# Designing the Tammy Marie



## up9018 (Jan 4, 2008)

Seeing all of the great work on the site lately, I felt the need to scratch build something myself. I started thinking of a Special Multi-Purpose Car for my up and coming logging empire, the Leona Timber Company. Hence the birth of the Tammy Marie, named after my wife. So, beings I'm an engineer, and don't even wipe my rear without a blueprint, I started designing the car on my 3D cadd system. Thought it may be fun to share the design process with everyone. As always, comments and suggestions are welcome.

*History:* 
The Leona Timber Company was in need of a multi-purpose car to perform the task of many different cars in one combined package. So the shop went to work on a car that would travel up the line in the morning and back in the evening. The result is a long caboose, which will have provisions for freight delivery, mail and a small passenger compartment. I plan on my railroad running at least one passenger train daily, so the passengers in this car will mostly be loggers living off-site.

*Stay Tuned, I will post images Soon* 

I will post the link for now, am not having good luck with the picture editor tonight
http://www.flickr.com/photos/[email protected]/4541479859/http://www.mylargescale.com/Communi...on/te/aff/8/aft/115409/postid/115409/<a href=


----------



## up9018 (Jan 4, 2008)

OK, got the pictures to work.

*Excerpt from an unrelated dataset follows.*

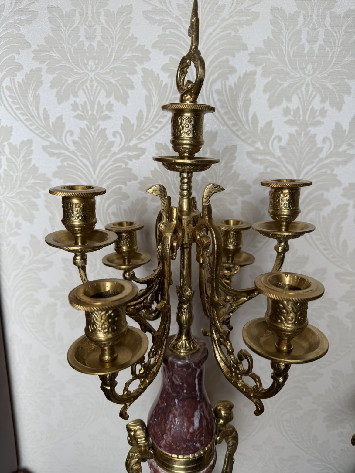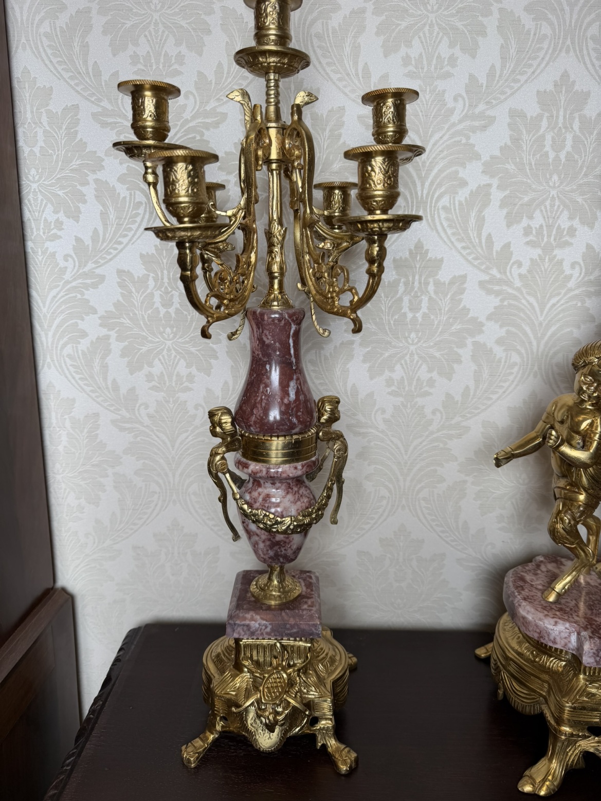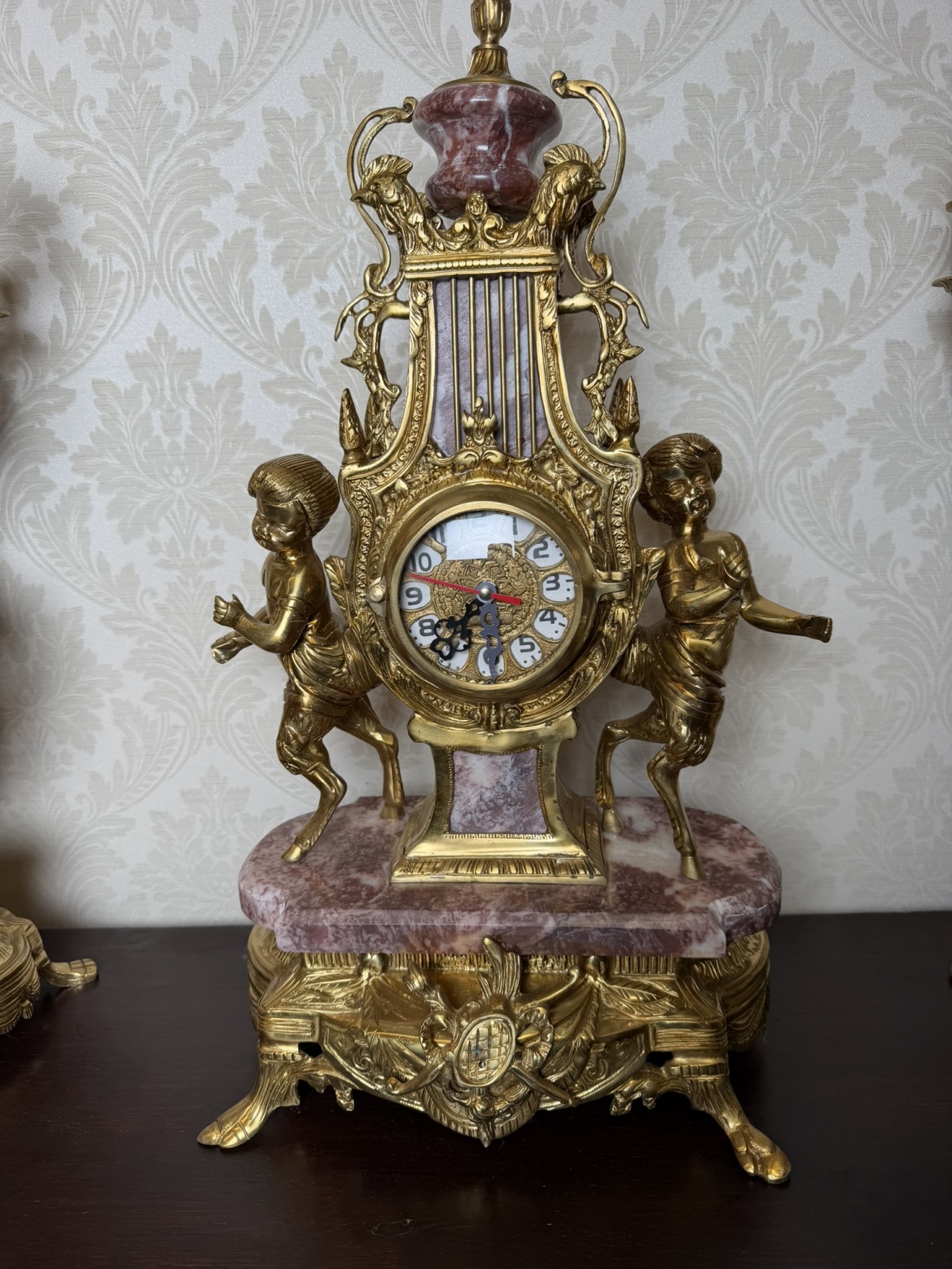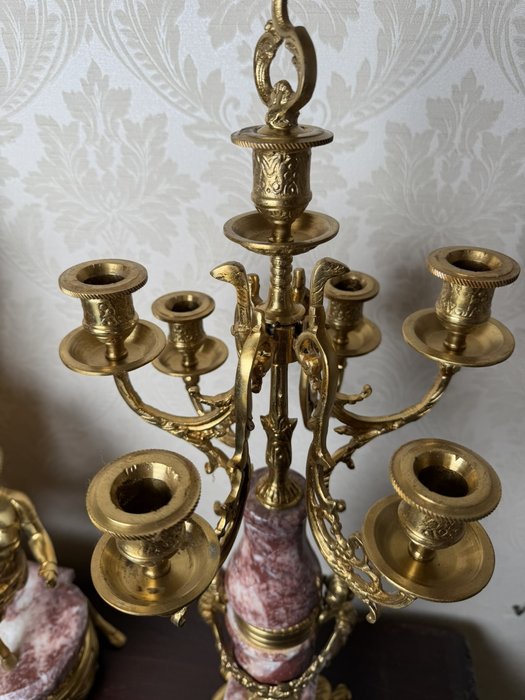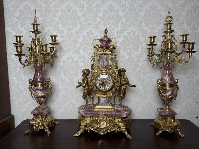 Reprezentativní souprava, tvořená krbovými hodinami a párem svícnů z bohatě zdobené mosazi a leštěného mramoru. Hodiny zdobí putti, ornamentální detaily a kontrastní kamenné prvky, které podtrhují luxusní charakter celku. Precizní řemeslné zpracování a harmonické proporce činí z této sestavy výrazný solitér pro klasické interiéry, salony či pracovny.

Here is an overall view of what I am building. 










The front of the car contains the large "freight" area, behind that is a small postal area with partitions on both ends. Then comes the area for the conductor's desk and the coupola, followed up by a small passenger compartement. Most of the body components you see form the "core" of the car. They will be lasered from 1/8" plywood (probably) and will be veneered with scribed siding both inside and out. 

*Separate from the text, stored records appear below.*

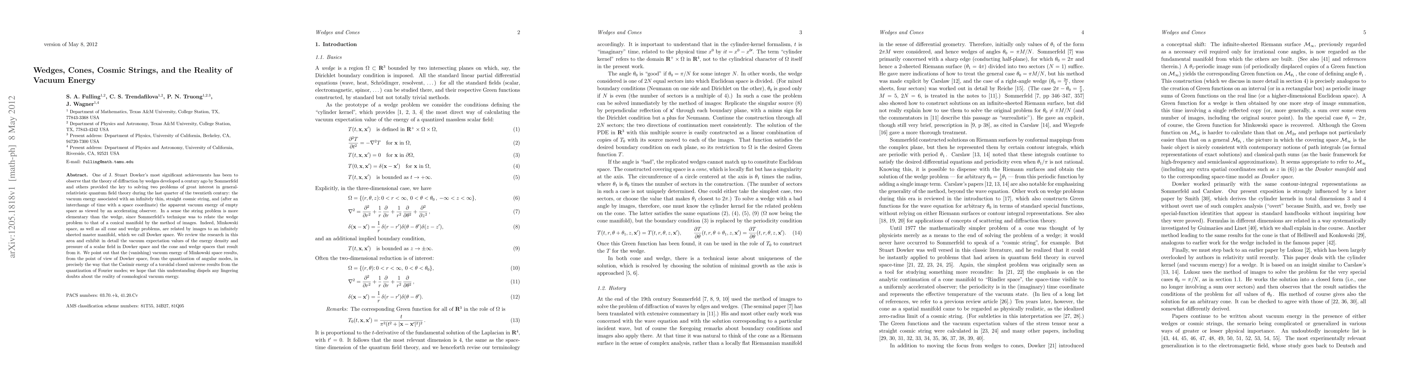 One of J. Stuart Dowker's most significant achievements has been to observe that the theory of diffraction by wedges developed a century ago by Sommerfeld and others provided the key to solving two problems of great interest in general-relativistic quantum field theory during the last quarter of the twentieth century: the vacuum energy associated with an infinitely thin, straight cosmic string, and (after an interchange of time with a space coordinate) the apparent vacuum energy of empty space as viewed by an accelerating observer. In a sense the string problem is more elementary than the wedge, since Sommerfeld's technique was to relate the wedge problem to that of a conical manifold by the method of images. Indeed, Minkowski space, as well as all cone and wedge problems, are related by images to an infinitely sheeted master manifold, which we call Dowker space. We review the research in this area and exhibit in detail the vacuum expectation values of the energy density and pressure of a scalar field in Dowker space and the cone and wedge spaces that result from it. We point out that the (vanishing) vacuum energy of Minkowski space results, from the point of view of Dowker space, from the quantization of angular modes, in precisely the way that the Casimir energy of a toroidal closed universe results from the quantization of Fourier modes; we hope that this understanding dispels any lingering doubts about the reality of cosmological vacuum energy.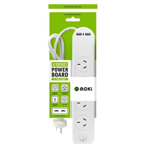 Moki 4 Outlet Powerboard With 2 USB-A Ports And Surge Overload Protection White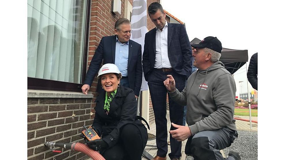 De 100.000e spouwmuurisolatie vond plaats in Elen, een deelgemeente van Dilsen-Stokkem. Daar is sociale huisvestingsmaatschappij ‘Ons Dak’ bezig met het grootste gezamenlijke na-isolatieproject in heel Vlaanderen; in één jaar tijd krijgen maar liefst 428 woningen spouwmuurisolatie. Lydia Peeters: “Ook in de sociale woningbouw en verhuursector is na-isolatie aangewezen. Dankzij de schaalgrootte van dit project kan de aannemer de werken goedkoper uitvoeren. De huurders verhogen hun wooncomfort én verlagen hun energiefactuur met 150 euro per jaar.”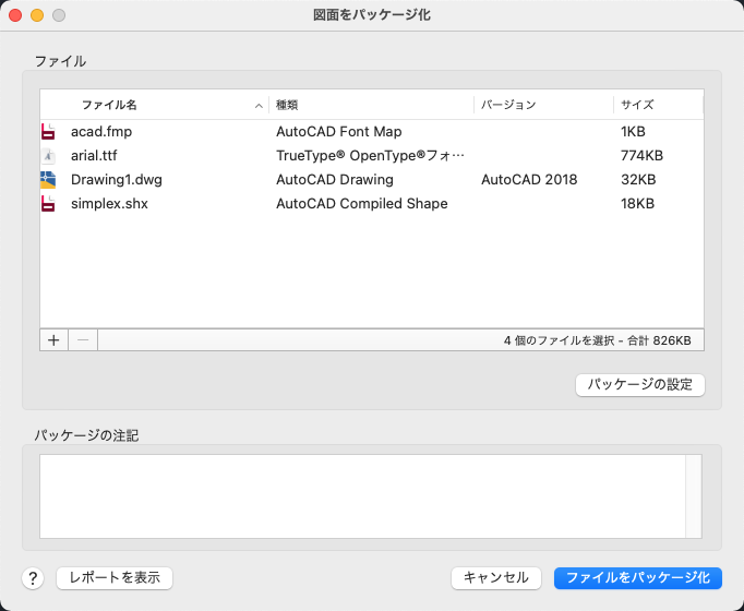 既定では、現在の図面に関連付けらていれるすべてのファイル(関連する外部参照、印刷スタイル、フォントなど)が一覧表示されます。転送パッケージに他のファイルを追加したり、既存のファイルを除外することができます。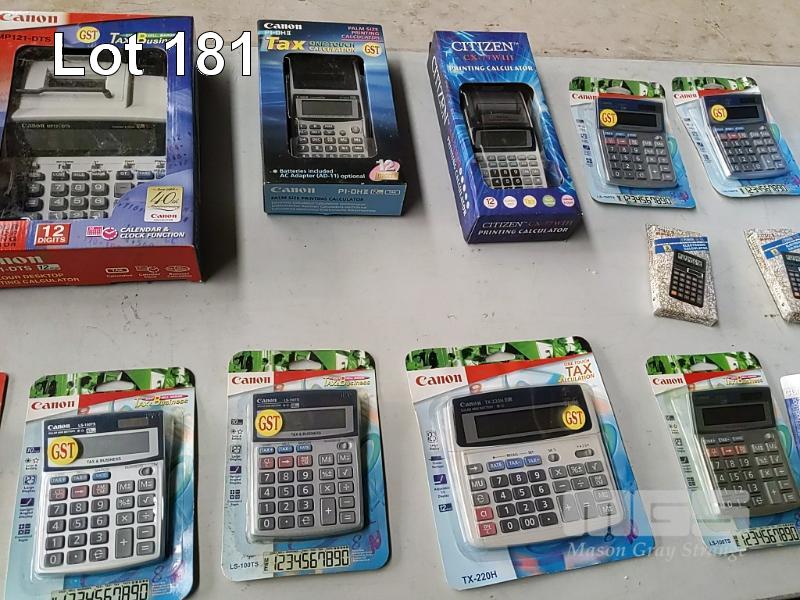 COLLECTION OF ELECTRONIC CALCULATORS. COMPACT DESK CALCULATORS, PRINTING DESKTOP CALCULATORS, POCKET CALCULATORS AND EVEN A CLIP CALCULATOR. ALL NEW IN ORIGINAL PACKAGING UNOPENED. 16 ITEMS. (1 x MILK CRATE - CRATE NOT INCLUDED).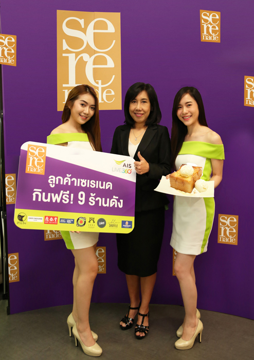 และหลังจาก AIS มอบส่วนลดสูงสุดถึง 50% ร้านอาหารยอดนิยมกว่า 400 ร้าน ที่ศูนย์การค้าเซ็นทรัล 30 สาขาทั่วประเทศ ทั้งเซ็นทรัลเวิลด์, เซ็นทรัลพลาซา และเซ็นทรัลเฟสติวัล ให้ลูกค้าทุกท่านแล้ว ล่าสุด AIS จัดเต็มความพิเศษเพิ่มเติมให้ลูกค้าเซเรเนด ด้วยแคมเปญ “กินฟรีเมนูเด็ด” ที่ 9 ร้านดัง ซึ่งเป็นที่ชื่นชอบของลูกค้า ได้แก่

The car will feature a complete inteior, with a removable roof. 

Stay Tuned for regular updates. Once the design is complete, I will create a build log.


----------



## mhutson (Jan 2, 2008)

Hi Chris, 
Looks like a good project. I am a recovering engineer myself and did a similar caboose project a couple of years ago, using AutoCAD drawings to have a waterjet company cut the parts from styrene. 

Good luck! 

Cheers, 
Mat Hutson 
near Gunnison, CO


----------



## Steve Stockham (Jan 2, 2008)

Hmmm...intriguing! I, too, will be following this thread closely!


----------



## up9018 (Jan 4, 2008)

Well I have the frame of the car well underway. Here are a couple of quick pics. 



The blue lines on the underside of the car represent board scribe lines. After I made these images, I realized they were running the wrong way and have changed the direction on them. 

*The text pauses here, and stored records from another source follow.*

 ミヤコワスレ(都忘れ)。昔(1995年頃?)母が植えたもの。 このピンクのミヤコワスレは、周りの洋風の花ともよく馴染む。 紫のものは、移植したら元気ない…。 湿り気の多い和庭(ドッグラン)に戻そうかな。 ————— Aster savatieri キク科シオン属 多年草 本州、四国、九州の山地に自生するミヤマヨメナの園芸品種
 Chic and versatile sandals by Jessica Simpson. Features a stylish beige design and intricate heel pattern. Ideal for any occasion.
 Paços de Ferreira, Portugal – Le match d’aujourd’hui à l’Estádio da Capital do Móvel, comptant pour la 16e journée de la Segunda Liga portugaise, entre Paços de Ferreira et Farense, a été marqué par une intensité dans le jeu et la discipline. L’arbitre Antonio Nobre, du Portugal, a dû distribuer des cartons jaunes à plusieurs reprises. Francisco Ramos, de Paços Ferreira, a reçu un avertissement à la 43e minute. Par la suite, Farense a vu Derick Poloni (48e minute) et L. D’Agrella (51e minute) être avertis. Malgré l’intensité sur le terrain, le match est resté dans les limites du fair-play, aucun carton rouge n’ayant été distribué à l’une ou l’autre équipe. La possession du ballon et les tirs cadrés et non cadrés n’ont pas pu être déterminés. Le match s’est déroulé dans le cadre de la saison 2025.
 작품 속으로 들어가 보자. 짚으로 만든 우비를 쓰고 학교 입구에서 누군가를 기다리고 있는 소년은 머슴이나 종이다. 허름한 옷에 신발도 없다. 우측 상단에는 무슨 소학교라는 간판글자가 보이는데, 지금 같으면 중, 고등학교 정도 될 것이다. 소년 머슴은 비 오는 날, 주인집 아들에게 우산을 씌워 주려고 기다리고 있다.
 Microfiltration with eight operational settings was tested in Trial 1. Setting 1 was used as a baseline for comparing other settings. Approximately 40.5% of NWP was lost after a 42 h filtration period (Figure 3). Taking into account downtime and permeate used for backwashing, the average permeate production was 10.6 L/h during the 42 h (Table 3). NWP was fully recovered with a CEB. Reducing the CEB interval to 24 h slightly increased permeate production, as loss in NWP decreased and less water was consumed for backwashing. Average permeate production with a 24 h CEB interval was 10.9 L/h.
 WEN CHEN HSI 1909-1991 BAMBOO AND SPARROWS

The car will run on a set of Bachmann passenger car trucks, with improvements made on the brake beam area. The Tammy Marie is nearly 40' in length, so trucks with a larger wheelbase were deemed neccessary. I am in the process of modeling these trucks up, and once they are complete and set in place, the frame will have it's final adjustments. 

Next update coming early next week. 

Chris


----------



## dana (Jan 7, 2008)

Ie A reversed drover caboose/sandy lake & ranges combine ?


----------



## up9018 (Jan 4, 2008)

Yeah, basically what I'm thinking of.


----------



## R Snyder (May 12, 2009)

Looks good. I will look forward to seeing it in action.


----------



## up9018 (Jan 4, 2008)

Quite a bit has been completed since my last update. Here are some quick pics for you guys. 

I have the trucks drawn up and installed into the underframe, then it was set to the required height. Also, Kadee 820 coupler boxes were made and added. Queenpost and truss rods are also installed. Still need to add the turnbuckles. There have also been some NBW castings added. 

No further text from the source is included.